### MATERIAL SHOWN
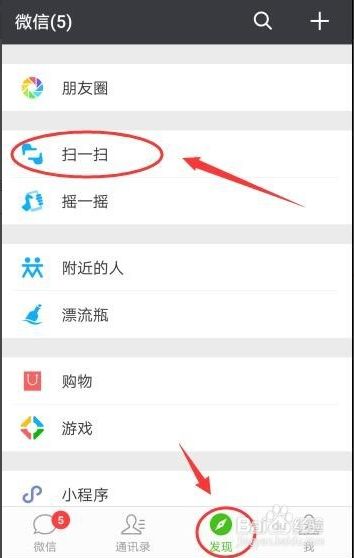 第一种,使用手机扫描商家二微码付款时,点击打开微信右下角里的“发现”,在列表界面有一个“扫一扫”选项,点击打开“扫一扫”。
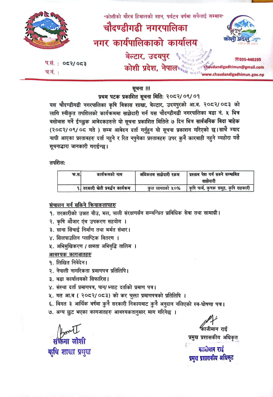 चौदण्डिगढी नगरपालिकाको नागरिक वडा पत्र २०८१/०८२
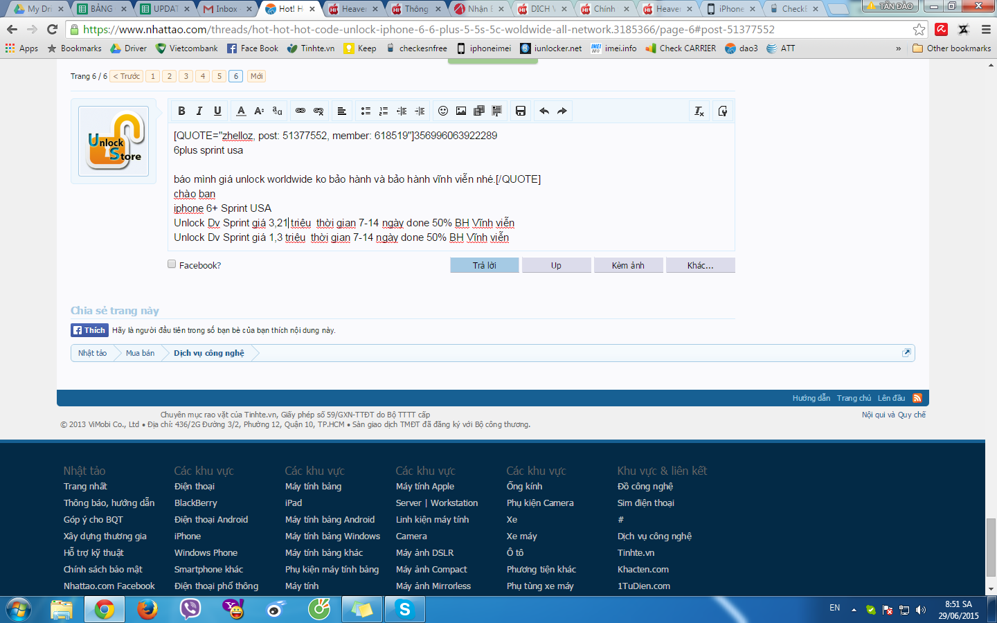 Unlock Dv Sprint (Clean IMEI) giá 1,3 triệu thời gian 7-14 ngày done 50% BH Vĩnh viễn
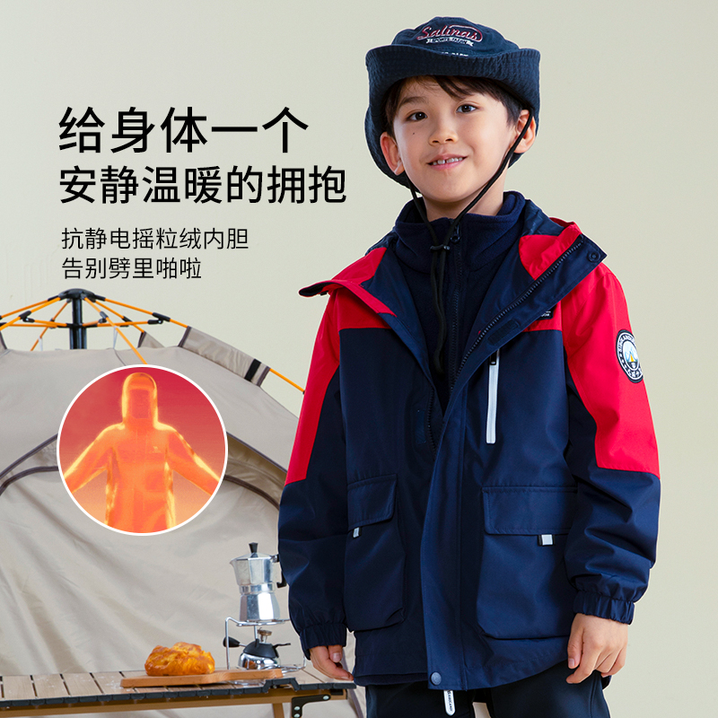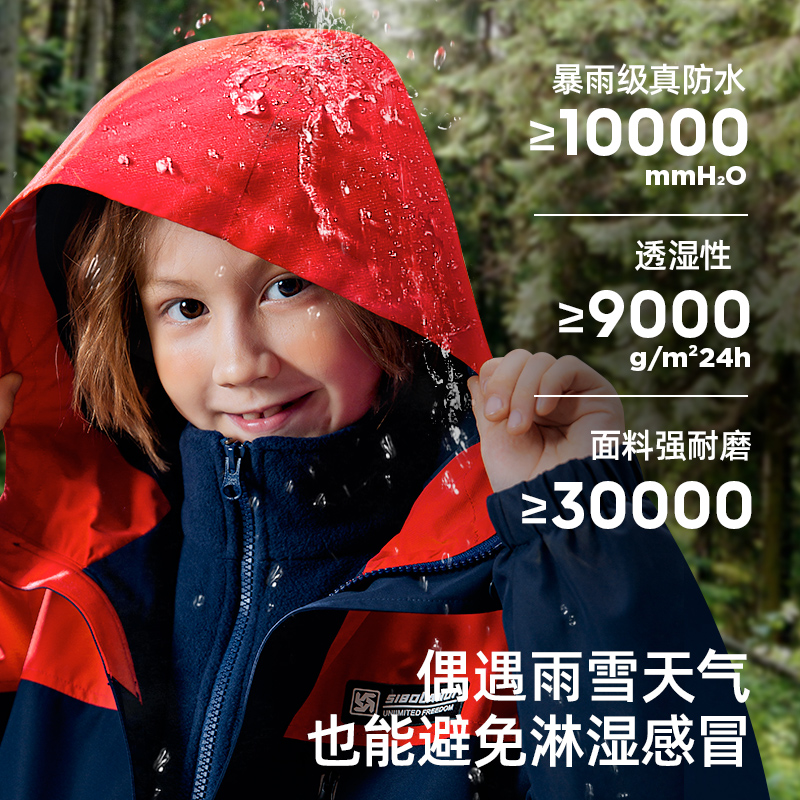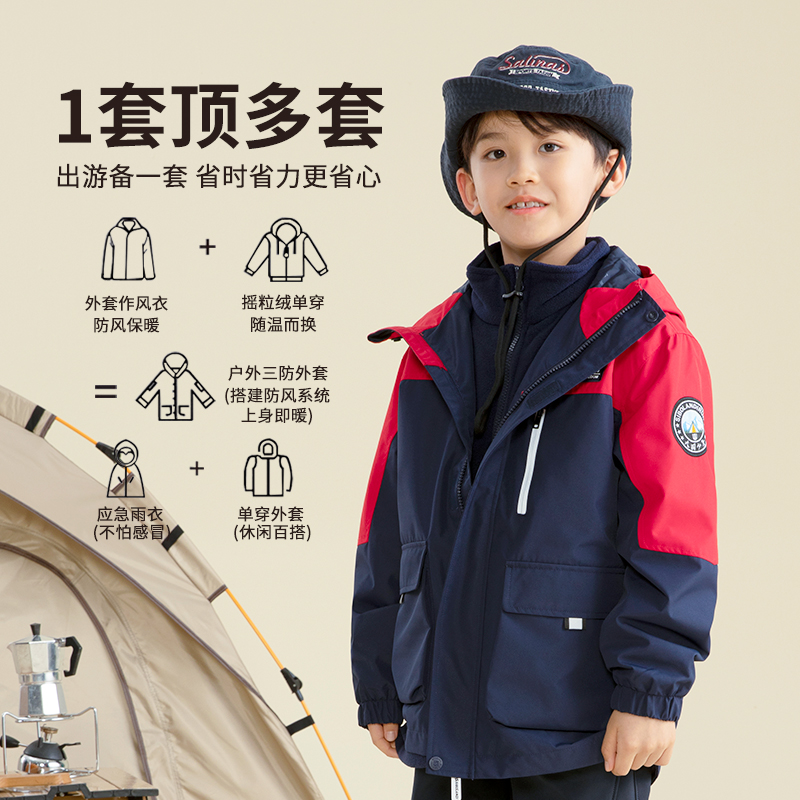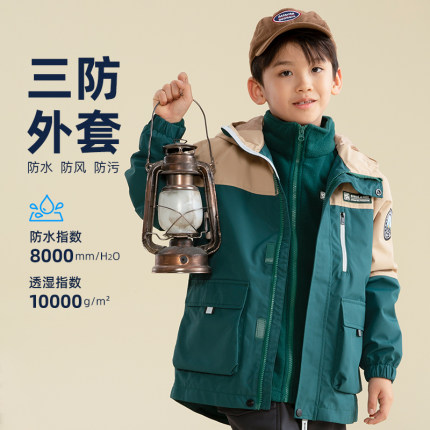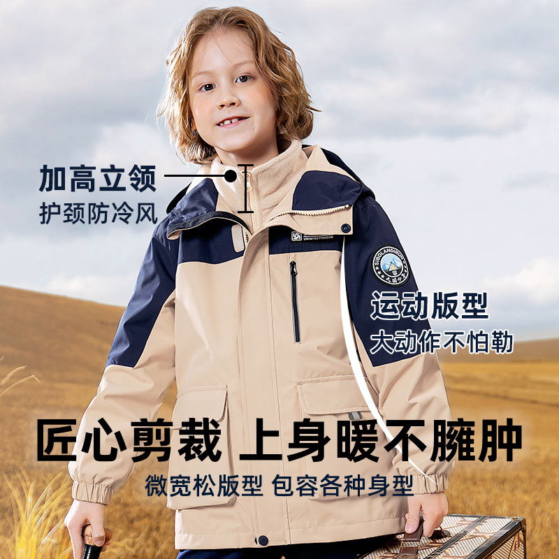 斯博兰帝男童三合一加绒外套女童冲锋风衣春秋中大童防风防水儿童
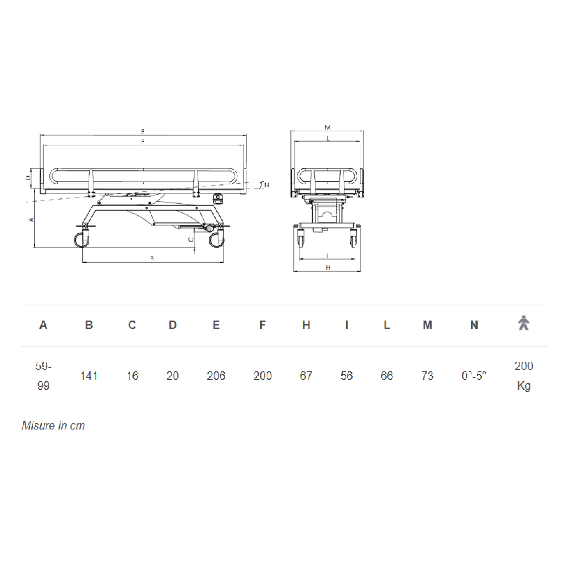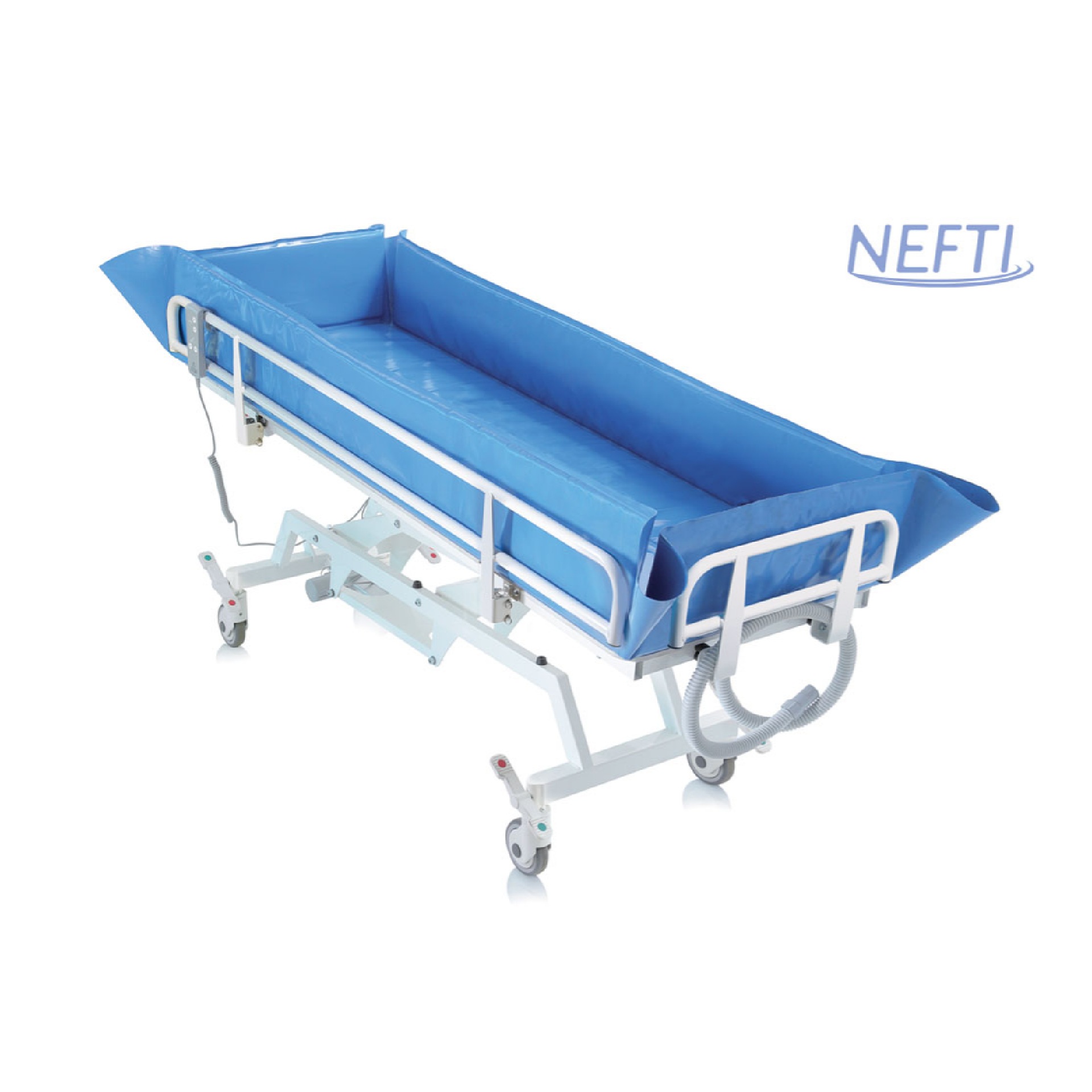 Barella doccia per il lavaggio ed il trasferimento di pazienti, elevabile elettricamente da 59 a 99 cm, con piano di lavaggio inclinabile elettricamente fino a 5° per un corretto drenaggio durante e dopo l’uso.
######
[TASK]:
Find the line with "चौदण्डिगढी नगरपालिकाको नागरिक" in the data above, and from there retype each line exactly through the line with "斯博兰帝男童三合一加绒外套女童冲锋风衣春秋中大童防风防水儿童", skipping the pictures along the way.

[ANSWER TO THIS EXERCISE]:
 चौदण्डिगढी नगरपालिकाको नागरिक वडा पत्र २०८१/०८२
 Unlock Dv Sprint (Clean IMEI) giá 1,3 triệu thời gian 7-14 ngày done 50% BH Vĩnh viễn
 斯博兰帝男童三合一加绒外套女童冲锋风衣春秋中大童防风防水儿童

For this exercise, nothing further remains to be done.